The average accounts marks of the class is 57. This makes sense but the problems arise when you are to assess how good the class is in accounts. If you are given the average without any more information, you would assume that the class is fairly decent with a 57. However, this is incorrect. Just because one person got 99/100, the whole average is skewed in its favour raising it to 57. This causes a massive standard deviation causing incorrect analysis of how good the accounts class is.
This problem is pertinent in macroeconomics as well. While calculating the average per hectare wage, if a few areas in the country have a massive outlier value as compared to the other areas, grave errors can be made during assessment.
So don’t believe in averages.
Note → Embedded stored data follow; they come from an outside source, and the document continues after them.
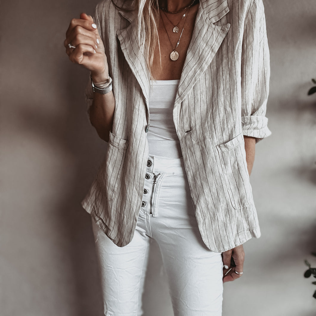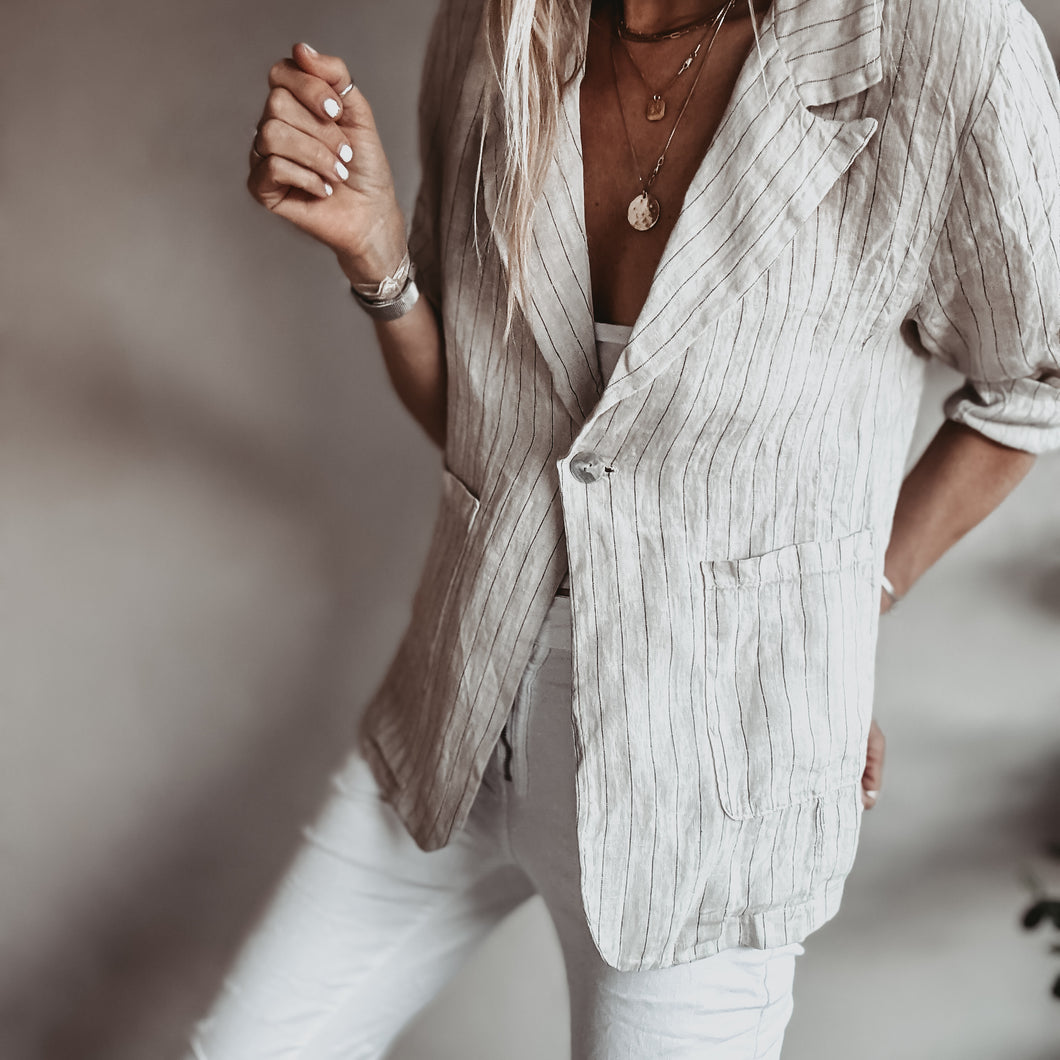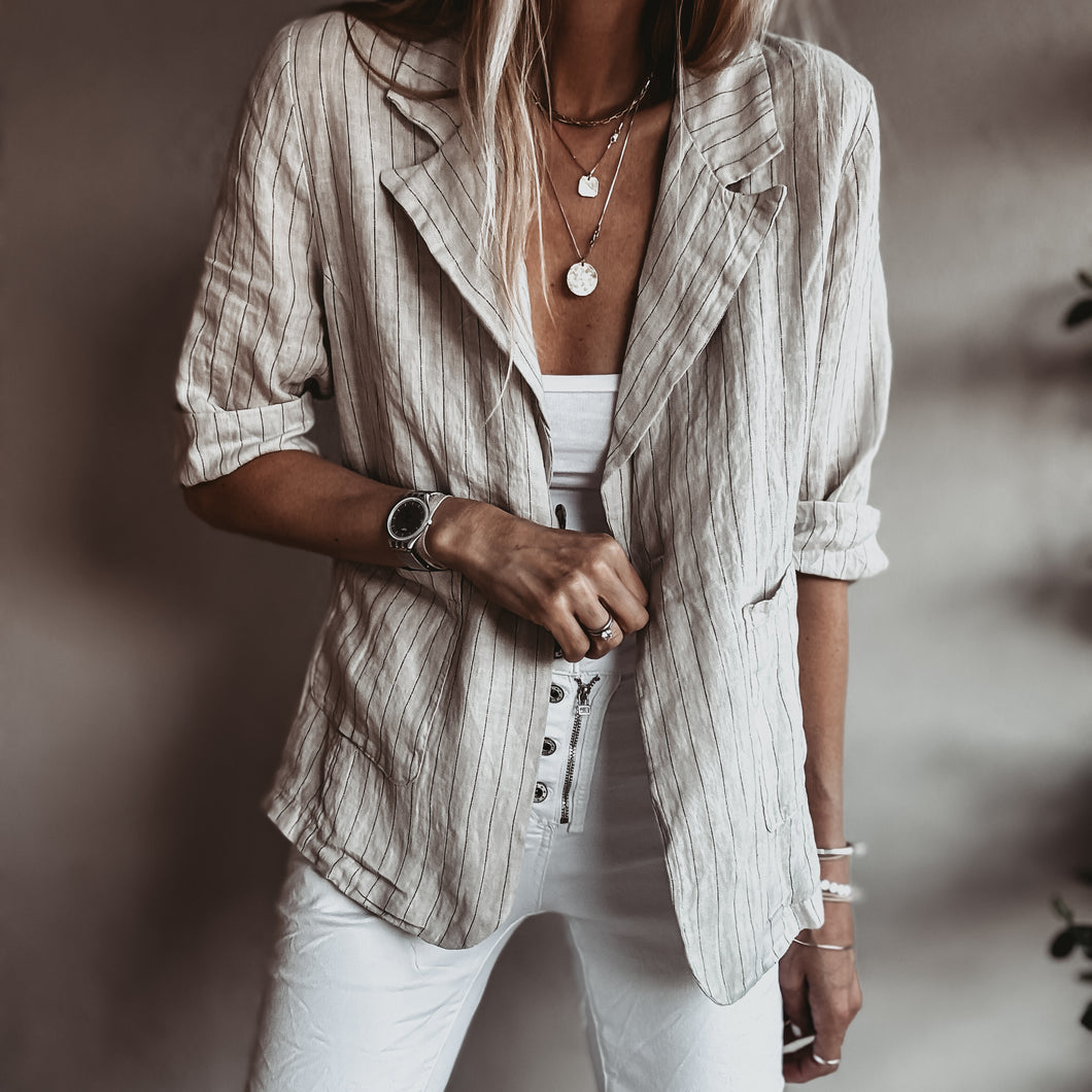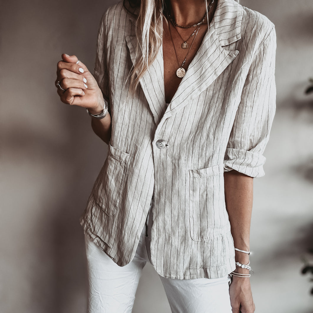Pinstripe SAND linen blouse blazer *NEW*
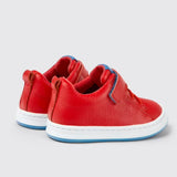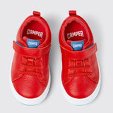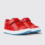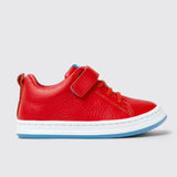 Red leather kids' sneakers with a hook-and-loop closing system, OrthoLite® Recycled™ removable footbeds, and rubber outsoles.
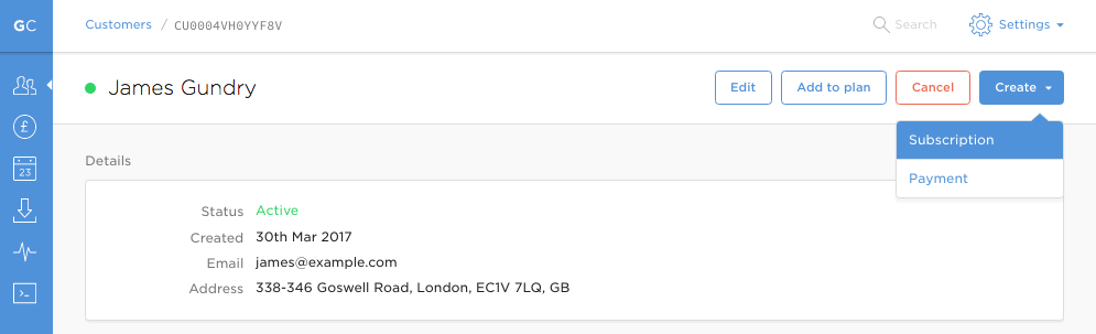 Der Dauerauftrag wird jetzt im entsprechenden Abschnitt des Kundendatensatzes angezeigt. Wenn ab jetzt eine Zahlung fällig wird, wird sie erstellt und im Abschnitt „Zahlungen“ des Kundendatensatzes sowie auf der Seite „Zahlungen“ Ihres Dashboards angezeigt.
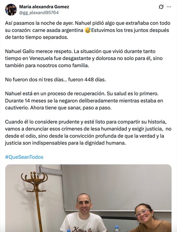 Más allá de la emotividad del reencuentro, el mensaje de su esposa fue contundente respecto al estado de salud del gendarme y las condiciones de su cautiverio. "Nahuel está en un proceso de recuperación. Su salud es lo primero. Durante 14 meses se la negaron deliberadamente", denunció, subrayando el desgaste y el dolor vivido por la familia durante este extenso periodo.
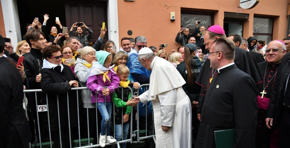 Francisco explicó que son muchos y de diverso origen y religión los que visitan cada día el santuario de la Madre de la Misericordia de Vilna y celebró la “fluidez” de las comunicaciones y la “libertad de circulación” que existen hoy entre mucho países. “Qué bueno sería que a esta facilidad para movernos de un lugar a otro se le sumara también la facilidad para establecer puntos de encuentro y solidaridad entre todos”, deseó a continuación, de modo que circularan también los “dones que gratuitamente hemos recibido”. Se conseguiría así “salir de nosotros mismos y darnos a los demás, acogiendo a su vez la presencia y la diversidad de los otros como un regalo y una riqueza en nuestras vidas”.
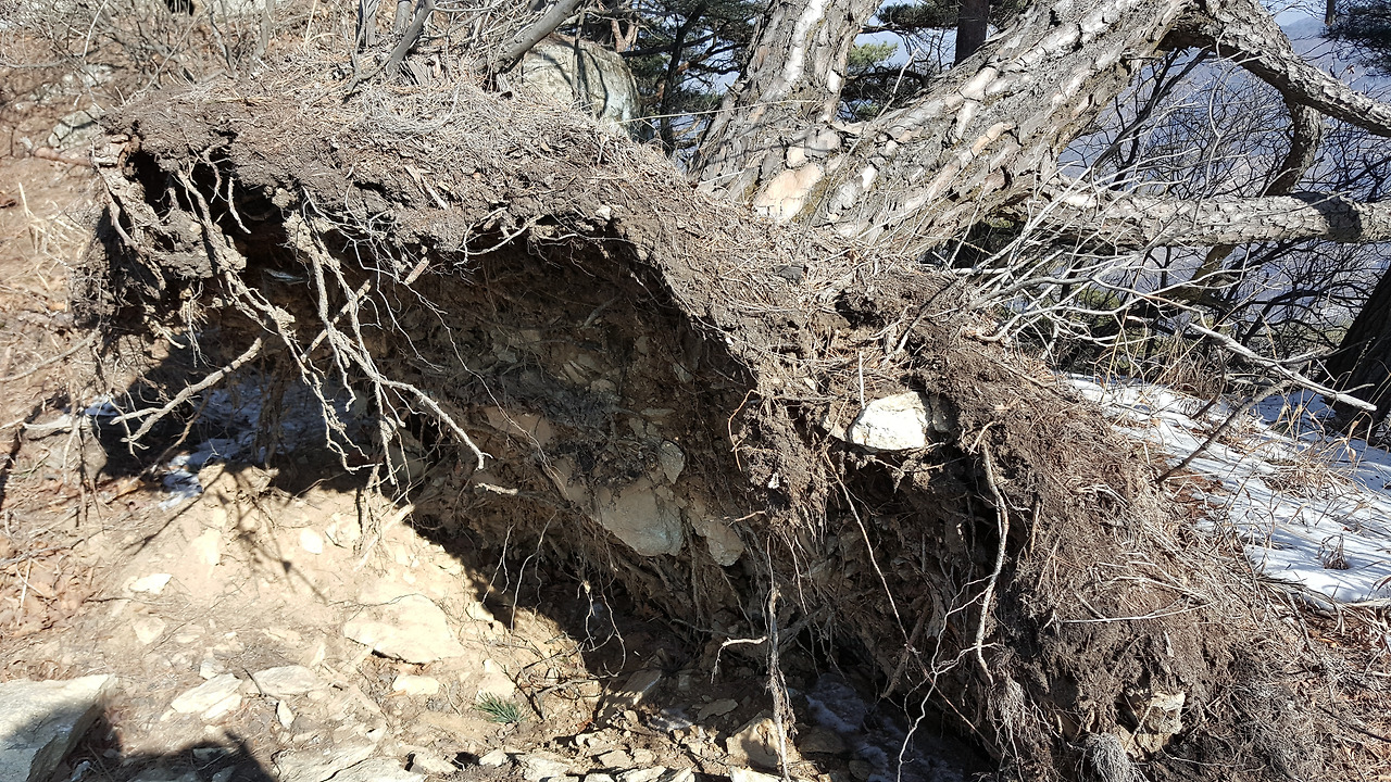 오히려 풍성하게 잎사귀를 지닌 소나무나 낙엽송이 뿌리째 뽑히는 경우는 있다.

Averages may seem nice for some people like a struggling batsman who has a poor strike rate the whole season. If in the last few matches, his rate explodes, the whole average changes in his favour.
But this is just one case. Averages seem to be an easy way out in solving problems. One does not need to individually scan through all the data and can just make a judgement from the averages. But that is the easy way out, and as I always write- an easy way-out will never lead you anywhere. Look out for outliers, they will lose you lots of money on betting.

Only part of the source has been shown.